Work request => Nothing in the records may be changed; retype them in full.

==== Task input ====

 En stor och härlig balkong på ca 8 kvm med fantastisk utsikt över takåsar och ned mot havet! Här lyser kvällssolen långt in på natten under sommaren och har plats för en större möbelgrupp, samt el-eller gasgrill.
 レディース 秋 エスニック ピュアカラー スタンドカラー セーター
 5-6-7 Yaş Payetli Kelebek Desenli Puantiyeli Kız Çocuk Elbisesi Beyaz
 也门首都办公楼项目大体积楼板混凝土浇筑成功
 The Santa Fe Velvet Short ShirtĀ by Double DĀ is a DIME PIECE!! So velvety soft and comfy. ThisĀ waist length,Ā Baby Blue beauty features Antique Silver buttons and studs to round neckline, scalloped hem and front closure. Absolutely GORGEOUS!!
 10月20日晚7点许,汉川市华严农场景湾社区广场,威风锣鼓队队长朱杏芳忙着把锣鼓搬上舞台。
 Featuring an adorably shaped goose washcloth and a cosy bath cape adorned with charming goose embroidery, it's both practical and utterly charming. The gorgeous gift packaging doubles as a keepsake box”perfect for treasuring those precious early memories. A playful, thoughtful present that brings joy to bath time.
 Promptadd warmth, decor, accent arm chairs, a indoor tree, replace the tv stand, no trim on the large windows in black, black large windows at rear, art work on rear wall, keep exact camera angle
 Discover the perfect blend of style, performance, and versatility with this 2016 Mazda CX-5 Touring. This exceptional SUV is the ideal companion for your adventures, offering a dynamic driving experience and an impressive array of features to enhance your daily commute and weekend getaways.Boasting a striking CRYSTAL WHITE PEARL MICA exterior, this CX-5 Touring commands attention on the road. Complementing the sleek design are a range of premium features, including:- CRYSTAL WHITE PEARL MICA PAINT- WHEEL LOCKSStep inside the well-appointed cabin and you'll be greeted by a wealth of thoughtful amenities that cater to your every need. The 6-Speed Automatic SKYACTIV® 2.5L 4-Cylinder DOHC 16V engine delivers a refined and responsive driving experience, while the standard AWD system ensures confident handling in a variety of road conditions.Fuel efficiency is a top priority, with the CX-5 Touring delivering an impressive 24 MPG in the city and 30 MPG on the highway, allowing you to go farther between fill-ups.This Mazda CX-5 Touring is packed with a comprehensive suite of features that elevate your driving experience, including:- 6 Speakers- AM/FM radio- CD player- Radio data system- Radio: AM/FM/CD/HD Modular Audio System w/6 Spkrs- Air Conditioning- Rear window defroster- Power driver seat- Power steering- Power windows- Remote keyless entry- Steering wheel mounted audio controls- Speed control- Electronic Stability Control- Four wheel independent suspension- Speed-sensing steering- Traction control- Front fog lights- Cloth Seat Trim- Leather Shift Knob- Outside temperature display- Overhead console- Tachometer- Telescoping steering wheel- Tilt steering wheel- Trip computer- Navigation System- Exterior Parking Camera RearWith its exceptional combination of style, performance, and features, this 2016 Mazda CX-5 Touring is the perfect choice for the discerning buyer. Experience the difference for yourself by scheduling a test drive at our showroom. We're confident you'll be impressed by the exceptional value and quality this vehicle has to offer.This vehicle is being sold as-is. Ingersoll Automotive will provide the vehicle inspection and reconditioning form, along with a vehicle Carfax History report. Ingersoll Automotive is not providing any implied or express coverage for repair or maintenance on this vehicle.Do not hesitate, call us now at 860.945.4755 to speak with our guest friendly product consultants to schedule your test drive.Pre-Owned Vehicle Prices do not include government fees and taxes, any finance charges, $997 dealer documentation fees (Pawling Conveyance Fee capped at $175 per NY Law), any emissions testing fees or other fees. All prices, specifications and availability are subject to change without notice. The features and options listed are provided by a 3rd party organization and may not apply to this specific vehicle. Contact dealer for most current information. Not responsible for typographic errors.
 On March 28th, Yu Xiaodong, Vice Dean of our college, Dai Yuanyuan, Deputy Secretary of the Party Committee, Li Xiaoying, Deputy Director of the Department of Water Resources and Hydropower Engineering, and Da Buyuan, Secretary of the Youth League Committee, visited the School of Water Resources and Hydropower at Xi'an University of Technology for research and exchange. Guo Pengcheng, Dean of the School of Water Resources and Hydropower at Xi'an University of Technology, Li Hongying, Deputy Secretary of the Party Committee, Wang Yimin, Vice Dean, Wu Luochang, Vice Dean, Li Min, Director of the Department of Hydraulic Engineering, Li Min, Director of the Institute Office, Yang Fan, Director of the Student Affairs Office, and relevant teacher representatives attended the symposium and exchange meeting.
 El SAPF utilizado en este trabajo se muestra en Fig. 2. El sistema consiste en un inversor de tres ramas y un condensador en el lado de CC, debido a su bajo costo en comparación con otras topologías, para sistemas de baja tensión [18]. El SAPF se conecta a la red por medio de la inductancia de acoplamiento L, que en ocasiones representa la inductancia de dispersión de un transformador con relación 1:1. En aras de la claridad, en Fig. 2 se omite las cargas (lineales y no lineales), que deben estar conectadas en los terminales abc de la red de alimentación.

====

Answer box =>
 En stor och härlig balkong på ca 8 kvm med fantastisk utsikt över takåsar och ned mot havet! Här lyser kvällssolen långt in på natten under sommaren och har plats för en större möbelgrupp, samt el-eller gasgrill.
 レディース 秋 エスニック ピュアカラー スタンドカラー セーター
 5-6-7 Yaş Payetli Kelebek Desenli Puantiyeli Kız Çocuk Elbisesi Beyaz
 也门首都办公楼项目大体积楼板混凝土浇筑成功
 The Santa Fe Velvet Short ShirtĀ by Double DĀ is a DIME PIECE!! So velvety soft and comfy. ThisĀ waist length,Ā Baby Blue beauty features Antique Silver buttons and studs to round neckline, scalloped hem and front closure. Absolutely GORGEOUS!!
 10月20日晚7点许,汉川市华严农场景湾社区广场,威风锣鼓队队长朱杏芳忙着把锣鼓搬上舞台。
 Featuring an adorably shaped goose washcloth and a cosy bath cape adorned with charming goose embroidery, it's both practical and utterly charming. The gorgeous gift packaging doubles as a keepsake box”perfect for treasuring those precious early memories. A playful, thoughtful present that brings joy to bath time.
 Promptadd warmth, decor, accent arm chairs, a indoor tree, replace the tv stand, no trim on the large windows in black, black large windows at rear, art work on rear wall, keep exact camera angle
 Discover the perfect blend of style, performance, and versatility with this 2016 Mazda CX-5 Touring. This exceptional SUV is the ideal companion for your adventures, offering a dynamic driving experience and an impressive array of features to enhance your daily commute and weekend getaways.Boasting a striking CRYSTAL WHITE PEARL MICA exterior, this CX-5 Touring commands attention on the road. Complementing the sleek design are a range of premium features, including:- CRYSTAL WHITE PEARL MICA PAINT- WHEEL LOCKSStep inside the well-appointed cabin and you'll be greeted by a wealth of thoughtful amenities that cater to your every need. The 6-Speed Automatic SKYACTIV® 2.5L 4-Cylinder DOHC 16V engine delivers a refined and responsive driving experience, while the standard AWD system ensures confident handling in a variety of road conditions.Fuel efficiency is a top priority, with the CX-5 Touring delivering an impressive 24 MPG in the city and 30 MPG on the highway, allowing you to go farther between fill-ups.This Mazda CX-5 Touring is packed with a comprehensive suite of features that elevate your driving experience, including:- 6 Speakers- AM/FM radio- CD player- Radio data system- Radio: AM/FM/CD/HD Modular Audio System w/6 Spkrs- Air Conditioning- Rear window defroster- Power driver seat- Power steering- Power windows- Remote keyless entry- Steering wheel mounted audio controls- Speed control- Electronic Stability Control- Four wheel independent suspension- Speed-sensing steering- Traction control- Front fog lights- Cloth Seat Trim- Leather Shift Knob- Outside temperature display- Overhead console- Tachometer- Telescoping steering wheel- Tilt steering wheel- Trip computer- Navigation System- Exterior Parking Camera RearWith its exceptional combination of style, performance, and features, this 2016 Mazda CX-5 Touring is the perfect choice for the discerning buyer. Experience the difference for yourself by scheduling a test drive at our showroom. We're confident you'll be impressed by the exceptional value and quality this vehicle has to offer.This vehicle is being sold as-is. Ingersoll Automotive will provide the vehicle inspection and reconditioning form, along with a vehicle Carfax History report. Ingersoll Automotive is not providing any implied or express coverage for repair or maintenance on this vehicle.Do not hesitate, call us now at 860.945.4755 to speak with our guest friendly product consultants to schedule your test drive.Pre-Owned Vehicle Prices do not include government fees and taxes, any finance charges, $997 dealer documentation fees (Pawling Conveyance Fee capped at $175 per NY Law), any emissions testing fees or other fees. All prices, specifications and availability are subject to change without notice. The features and options listed are provided by a 3rd party organization and may not apply to this specific vehicle. Contact dealer for most current information. Not responsible for typographic errors.
 On March 28th, Yu Xiaodong, Vice Dean of our college, Dai Yuanyuan, Deputy Secretary of the Party Committee, Li Xiaoying, Deputy Director of the Department of Water Resources and Hydropower Engineering, and Da Buyuan, Secretary of the Youth League Committee, visited the School of Water Resources and Hydropower at Xi'an University of Technology for research and exchange. Guo Pengcheng, Dean of the School of Water Resources and Hydropower at Xi'an University of Technology, Li Hongying, Deputy Secretary of the Party Committee, Wang Yimin, Vice Dean, Wu Luochang, Vice Dean, Li Min, Director of the Department of Hydraulic Engineering, Li Min, Director of the Institute Office, Yang Fan, Director of the Student Affairs Office, and relevant teacher representatives attended the symposium and exchange meeting.
 El SAPF utilizado en este trabajo se muestra en Fig. 2. El sistema consiste en un inversor de tres ramas y un condensador en el lado de CC, debido a su bajo costo en comparación con otras topologías, para sistemas de baja tensión [18]. El SAPF se conecta a la red por medio de la inductancia de acoplamiento L, que en ocasiones representa la inductancia de dispersión de un transformador con relación 1:1. En aras de la claridad, en Fig. 2 se omite las cargas (lineales y no lineales), que deben estar conectadas en los terminales abc de la red de alimentación.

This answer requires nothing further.